61. Voilà désormais l'étudiant doté
d'une règle préventive à manier s'il a la moindre
envie d'aller au basket ou de faire autre chose alors qu'il est supposé
aller au cours.
62. La condition suivante vers un statut éthique normal est
la condition d'urgence. Pour l'achever, l'étudiant doit travailler
vite et furieusement, durcir son auto-discipline, et travailler à
la chandelle...
63. Une fois qu'il a accompli cette condition d'urgence, il passe à
"normal", c'est à dire qu'il ne doit plus rien changer à
ses habitudes nouvelles, il doit continuer à faire ce qui démontre
sa productivité en scientologie.
64. La condition suivante est l'affluence, qui s'applique lorsque
vos statistiques montent fort ceci indiquant que votre productivité
en scientologie et pour vous-même est élevée.
65. Si vous continuez l'affluence assez longtemps, vous arrivez
en "puissance". Pour achever cette condition, l'étudiant doit écrire
dans le détail ce qu'il a fait pour maintenir sa productivité
élevée. Ca lui permet de faire passer aux autres les actions
à succès qui lui ont permis d'atteindre le résultat,
afin qu'ils s'en inspirent.
66. L'étudiant a alors passé 1/du refus à confesser
ou admettre la responsabilité de ses exactions, au stade de 2/confesser
tout écart d'éthique - réel ou imaginaire -3/à
demander le pardon pour ses fautes et à 4/ payer de sa personne
pour les erreurs supposées, 5/à se dévouer corps et
âme à faire grimper les statistiques scientologiques, accomplissement
qu'Hubbard glorifie - 6/puis à devenir si bien un rouage du système
qu'il en écrit les méthodes pour aider les autres à
faire de même.
67. Vous avez maintenant un étudiant qui est bel et bien
coincé dans les retranchements. Non seulement il sera heureux de
porter les chaînes, mais il trouvera normal de se les remettre en
place si elles se libérent ou qu'elles se relâchent, et il
s'activera de surcroît à pousser les autres dans la même
direction.
68. Une autre fonction de la méthodologie
éthique en scientologie est de chercher les scientologues liés
- par quelque lien que ce soit - à des opposants à la scientologie.
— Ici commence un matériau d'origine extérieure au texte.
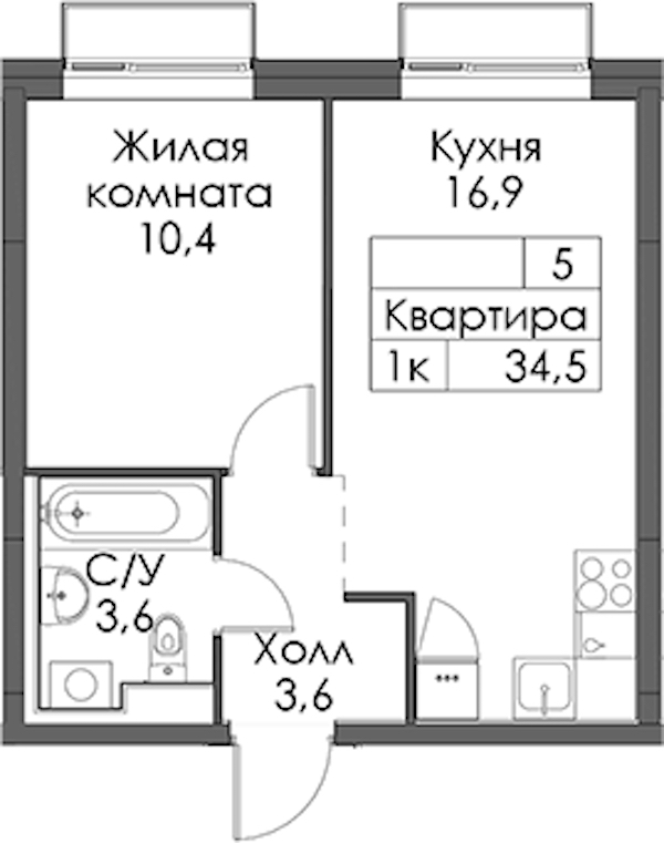 - Площадь34,5 м2

La raison en est que ces antagonistes à la sciento peuvent créer
des troubles à la scientologie ou bouleverser le scientologue en
lui racontant à quel point la scientologie ou Hubbard serait mauvais.
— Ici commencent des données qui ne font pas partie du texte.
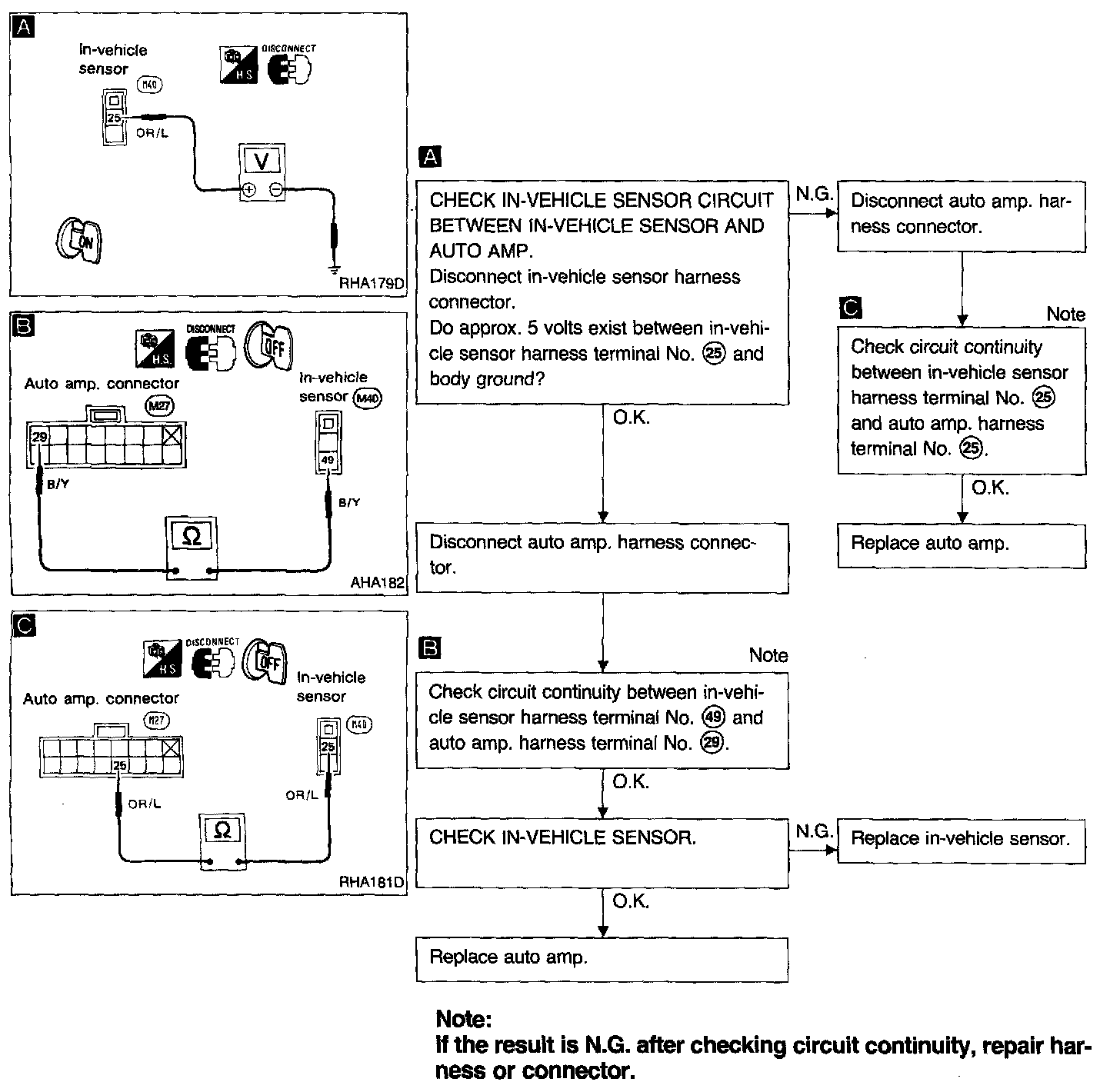 In-vehicle sensor circuit is open or shorted. (22 or ECON 22 is indicated on auto amp. as a result of conducting Self-diagnosis STEP 2.)

Le scientologue peut même parfois quitter l'organisation et se retourner
contre elle.
69. Dès qu'un officier d'éthique trouve quelque chose
sur un scientologue lié à quelqu'un d'antagoniste à
la scientologie, il étiquette ce scientologue "PTS", (c'est à
dire Source Potentielle d'Ennuis, ou Source d'Ennuis Potentiels - ou encore,
Source Potentielle de Troubles). On ne permettra pas au scientologue de
continuer ses services scientologiques tant qu'il n'aura pas manié
le lien antagoniste. Ceci s'obtient en faisant changer d'avis à
la personne antagoniste, soit parce qu'elle est d'accord pour apprécier
la scientologie, ou au moins être daccord pour que le scientologue
continue le "Pont".
70. Dans certains cas, la personne antagoniste ne change pas d'avis
et le scientologue se trouve contraint de la quitter. Normalement, l'officier
d'éthique fera écrire une lettre au scientologue, dénonçant
la personne antagoniste et coupant tous liens ou contacts futurs avec elle.
71. A la base, toute cette procédure revient à empècher
quiconque ne serait pas d'accord avec la sciento de pénétrer
et de venir convaincre les gens que "l'herbe est meilleure dans le pré
d'à côté" ou quelque variation du même thème.
La procédure éthique en question sert donc aussi à
garder les gens parqués dans leur coin et contents de l'être.
USAGE
DE L'ETHIQUE DANS LA SEA ORG
72. La sea org (organisation maritime) est le groupe d'élite
des gens dévoués corps, âme et vie, à libérer
la race humaine de l'esclavagisme spirituel dans l'univers entier , au
cours du prochain milliard d'années; c'est vraiment ce qu'ils croient;
ils pensent que la scientologie est l' unique espoir que l'homme se libère
mentalement et spirituellement. La très grande majorité des
membres de la sea org n'en tire aucun profit et ne reçoit qu'une
trentaine de dollars par semaine pour les efforts. Ils vivent en communauté,
nourriture et logements étant fournis.
73. Les conditions spartiates que vivent pratiquement tous les membres
de la sea org contrastent énormément avec celles de la direction
de la sea org et de la scientologie. La majorité de ceux-ci possèdent
des voitures. Miscavige et sa femme, agent dirigeant de la la CSI (Eglise
de scientologie, internationale) et d'autres organisations de scientologie,
possèdent toujours les voitures les plus chères.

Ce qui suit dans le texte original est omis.